In 1986, out on his own, he starred in the infamous special in which he opened the secret vaults of mobster Al Capone, found nothing but a few dusty bottles and exited singing Chicago so badly that viewers nearly forgot that the program was worse than his voice. He felt disgraced until he learned that the show was the highest-rated nationally syndicated program in television history, and then he felt pretty good. "Whatever he does," says critic Rosenberg, "lots of people like it. It must fill a need. I'm astonished. After Al Ca-pone's vault, people came back in droves." Eight months after the Capone special, he did American Vice: The Doping of a Nation, the fifth-highest-rated syndicated show in history.

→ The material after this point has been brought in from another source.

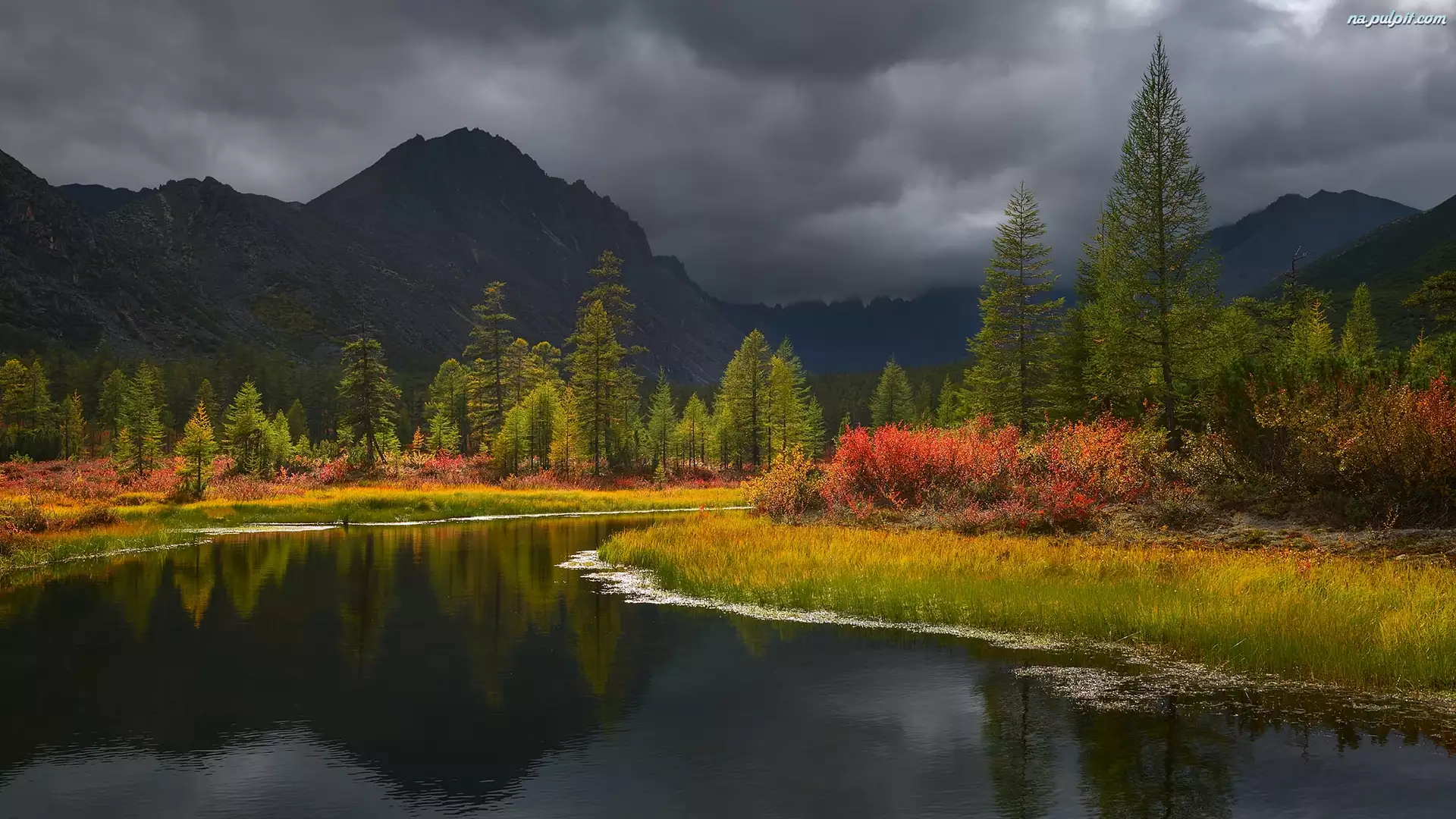 Chmury, Rosja, Jack London, Odbicie, Kołyma, Drzewa, Góry Kołymskie, Jezioro

Unlike most other television reporters, Rivera makes no attempt to appear intellectual, dispassionate or introspective. He cannot. He too much loves his adjectives ("the razor-slashed victim") and his self-proclaimed role as America's hero. "I exist on earth to affect reality, not just report on it," he says. Rivera's world is without subtlety, a lineup of good guys and bad guys. To his admirers this makes him vivid. To his detractors this makes him a cartoon.
Goldfarb says that if Rivera had less flair, "he'd be one of the guys on network news nobody remembers." Surely there is no danger of this. After one of his first Geraldo programs, he stood next to the exit door, bidding goodnight to his audience. Like other talk show hosts, he shook hands and exchanged warm words. Unlike other talk show hosts, he had taken off his jacket, his tie and his shirt.